到了她這般年紀,習慣了倚老賣老,她絲毫不為前些日子冤枉洲渚拐走杜佳雲的事感到虧心,反倒想借著那件事來向洲渚道謝,以拉近跟洲渚的關係。
「我們都聽佳雲說過了,原來那安婆才是略賣人口的拐子,全靠你跟阿池娘子有急智,通知了都軍,都軍及時趕到津口將那群拐子都抓捕歸案,你們才得以順利被救回。你們的恩情,我們杜家都記著呢!」
池不故和洲渚對視了一眼,分析出杜佳雲並沒有泄露池不故身手很好的消息,也沒有透露池不故跟掣雷都頭周憑驍的關係。
雖然池不故不介意,但她還是想要低調一些,因此杜佳雲的隱瞞對她們來說剛好。
洲渚道:「你們不要光是嘴上說感謝呀,用實際行動證明一下你們真的感恩吧!」
杜嘉娘笑容一僵,這是在向她索要謝禮嗎?可她今天是兩手空空地過來。
她咬了咬牙,有些心疼自己將要大出血,道:「我來得匆忙,還沒來得及準備,改天我們再備一份大禮,親自登門道謝!」
「切,你怎麼不乾脆挑個黃道吉日?」洲渚頓了下,取笑道,「哦,那沒辦法,畢竟你們最信任的女巫已經被抓了。」
杜嘉娘:「……」
她的臉色青一陣白一陣,最後一臉醬色。
這洲渚當真氣人,她到底是什麼來路?真的好想教她做人!
「洲娘子,我是真誠來致謝的,你何必如此咄咄逼人?」她道。
「哦,抱歉,最近經常被人針對、欺負,我弱小可憐,只能以口舌之能來保護我自己了。」
杜嘉娘的嘴角抽了抽,能單手舉起一個壯漢要雙臂才能抱起的大石頭,這叫弱小可憐?!
眼見杜嘉娘被懟的有些下不來台,更多資源在七餓群一屋貳耳七五貳叭一池不故清了清嗓子,撇開話題:「杜大娘的謝意,我們收到了。不知杜大娘還有沒有別的事?」
杜嘉娘緩了口氣,道:「我看你們要搬回來,想看看有沒有什麼幫得上忙的地方,畢竟大家都是鄰里鄉親的,應當互相幫助嘛!」
「夏館已經有人打掃過了,我們的行囊也不多,已經布置妥當了,就不勞杜大娘費心了。」池不故沉吟片刻,「倒是我們想去乾山村看一看佳雲,不知道方不方便?」
杜嘉娘自是清楚杜佳雲在杜家的近況,只是被杜段鎖在房內,沒有性命之憂,帶她們去看看應該無所謂。

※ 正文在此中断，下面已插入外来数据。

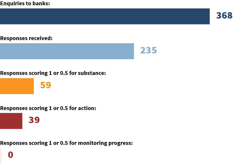 Only six responses out of these 126 gained any score at all. In the remaining cases, banks either did not respond, or where they did, their response neither comment on the substance of the issue raised, acknowledge the bank’s link to the impact, or set out any action taken.

她們一塊兒去了杜家。杜段看到洲渚,又想起她打自己的那一巴掌,頓時又難堪又生氣,質問道:「你們過來幹什麼?!」
杜嘉娘急忙上前去,衝著他嘀咕了幾句。
杜段正在氣頭上,道:「黃主事和縣尉待她們禮遇有加又怎麼樣,關我們什麼事?!」他指著洲渚,「前幾日,你仗著我在東村沒有族人羞辱我,今日你來了我的地盤,我讓你吃不了兜著走!」
洲渚揉了揉手腕,躍躍欲試:「來呀,我看看,是哪個想吃我的大耳光。」